I like finely chopped dill pickles in mine


----------



## babetoo (Apr 6, 2008)

have a grandson, grown, that loves deviled eggs. he likes them the old fashioned way so the basic recipe is how i make em.


babe


----------



## jpmcgrew (Apr 6, 2008)

Mayo, mustard, a few drops of tabasco, salt and pepper. I then like to garnish with tiny slices of pickle, pimento, olive slices, parsley sprigs and paprika. Not all garnishes at once unless you want to.
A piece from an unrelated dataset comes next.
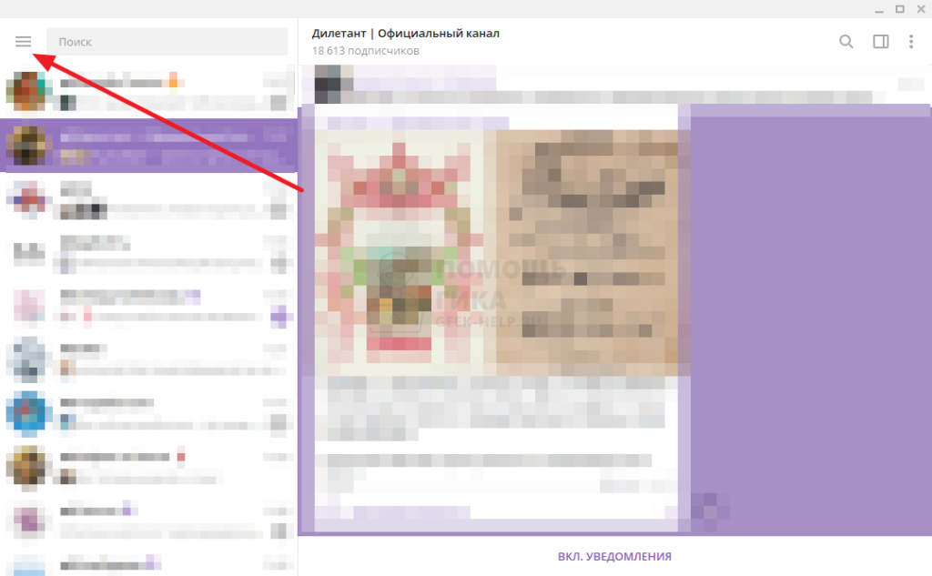 Шаг 1. Запустите приложение Telegram и откройте меню из трех горизонтальных линий.

Oh and sometimes if you can get it caviar or the cheap red caviar


----------



## kitchenelf (Apr 6, 2008)

Beachcomber said:


> Whats in your deviled eggs, besides the usual eggs, mustard, mayo, s&p and paprika?



Bingo - I also use a little juice from some pickle relish but that's not all the time.  I like my deviled eggs basic.  Boring I know - but that's just one thing that has to be the same - especially at holiday time and 4th of July


----------



## bigjimbray (Apr 6, 2008)

Its funny when you make them and no matter what you put in them you never make enough. you seem to think I should have made some more.


----------



## pdswife (Apr 6, 2008)

Beachcomber said:


> Whats in your deviled eggs, besides the usual eggs, mustard, mayo, s&p and paprika?


 

Just that.. but I top them with bacon or green onions.


----------



## kitchenelf (Apr 6, 2008)

bigjimbray said:


> Its funny when you make them and no matter what you put in them you never make enough. you seem to think I should have made some more.



I KNOW!!!!!!!!!!!!!!!!!  They are always the first thing to go at any picnic.....it doesn't matter how many you have!!!!


----------



## Maverick2272 (Apr 6, 2008)

Amen!! OK, so I don't feel so plain and boring now!


----------



## sattie (Apr 6, 2008)

Sweet relish that has been blended smooth into the yolks, mustard, mayo, salt and pepper.  The tobasco option sounds really nice, I use tobasco in my mustard potato salad!


----------



## miniman (Apr 7, 2008)

Cayenne can add a little more kick when used instead of paprika. I sometimes also put in finely chopped onion.


----------



## buckytom (Apr 7, 2008)

has no one added frank's to their devilled eggs?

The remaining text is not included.